Assigned task: Write the lines below out exactly, dropping each picture.

START Information supplied

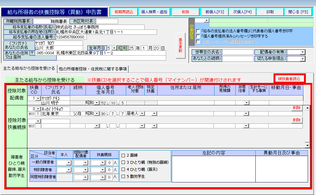 ※[個人被扶養者情報]の設定は下記を参照してください。
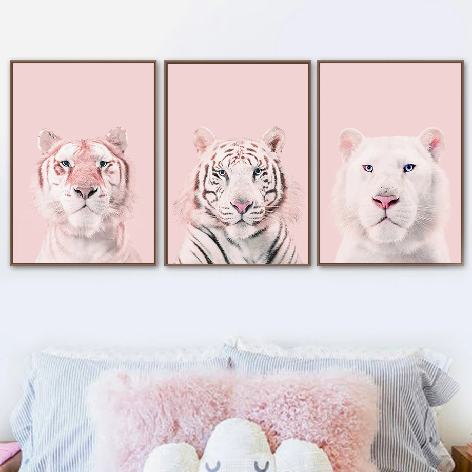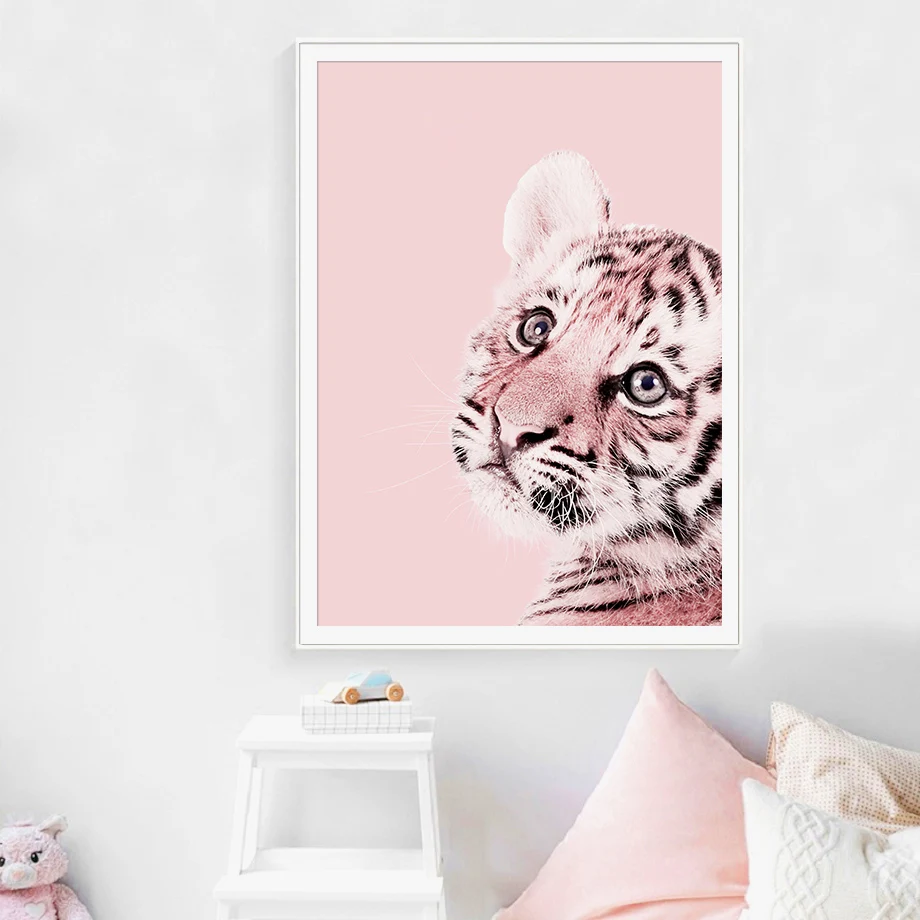 .Gallery of Pink Tiger Cute Animal Bear Rabbit Wall Art Canvas Painting Nordic Posters And Prints Wall Pictures Baby Kids Room Home Decor
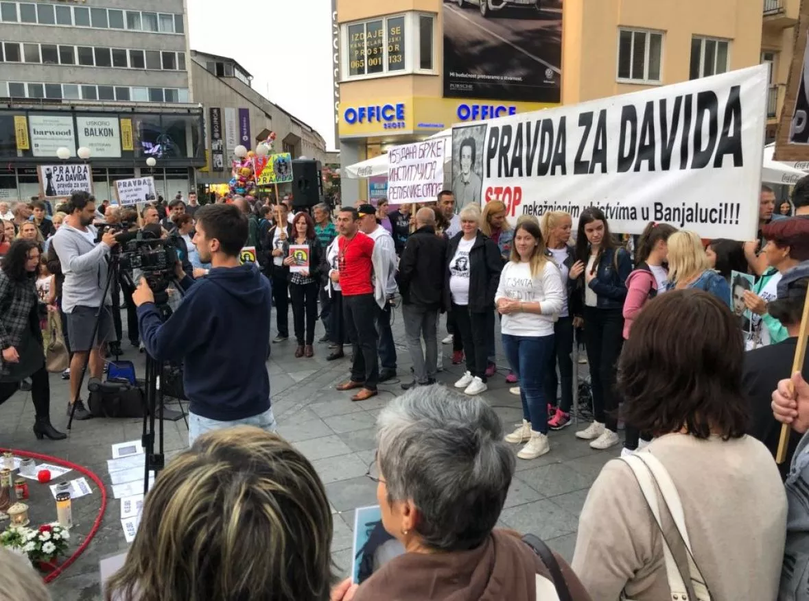 BANJA LUKA, (Patria) - Večeras je u Banja Luci na Trgu Krajine (Davidov trg) predstavljen međunarodni advokatski tim kojeg je angažirala porodica ubijenog mladića Davida Dragičevića. Davidov otac Davor Dragičević već 150 dana zajedno sa članovima grupe Pravda za Davida organizira proteste na kojima traži da se otkriju počinioci ubistva, ali i svi oni koji su sakrili ubistvo. Slučaj se vodio kao utapanje, da bi nakon velikog pritiska javnosti, medija i porodice Okružno tužilaštvo Banja Luka početkom jula slučaj prekvalifikovalo u ubistvo po nepoznatom počiniocu.
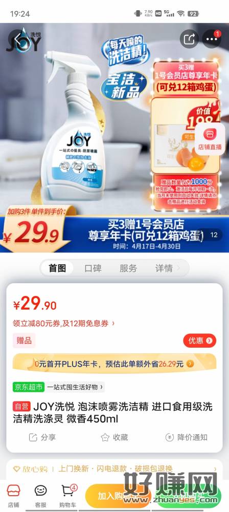 JOY洗悦 泡沫喷雾洗洁精 进口食用级洗洁精洗涤灵 微香450ml

END Information supplied

Solved exercise:
 ※[個人被扶養者情報]の設定は下記を参照してください。
 .Gallery of Pink Tiger Cute Animal Bear Rabbit Wall Art Canvas Painting Nordic Posters And Prints Wall Pictures Baby Kids Room Home Decor
 BANJA LUKA, (Patria) - Večeras je u Banja Luci na Trgu Krajine (Davidov trg) predstavljen međunarodni advokatski tim kojeg je angažirala porodica ubijenog mladića Davida Dragičevića. Davidov otac Davor Dragičević već 150 dana zajedno sa članovima grupe Pravda za Davida organizira proteste na kojima traži da se otkriju počinioci ubistva, ali i svi oni koji su sakrili ubistvo. Slučaj se vodio kao utapanje, da bi nakon velikog pritiska javnosti, medija i porodice Okružno tužilaštvo Banja Luka početkom jula slučaj prekvalifikovalo u ubistvo po nepoznatom počiniocu.
 JOY洗悦 泡沫喷雾洗洁精 进口食用级洗洁精洗涤灵 微香450ml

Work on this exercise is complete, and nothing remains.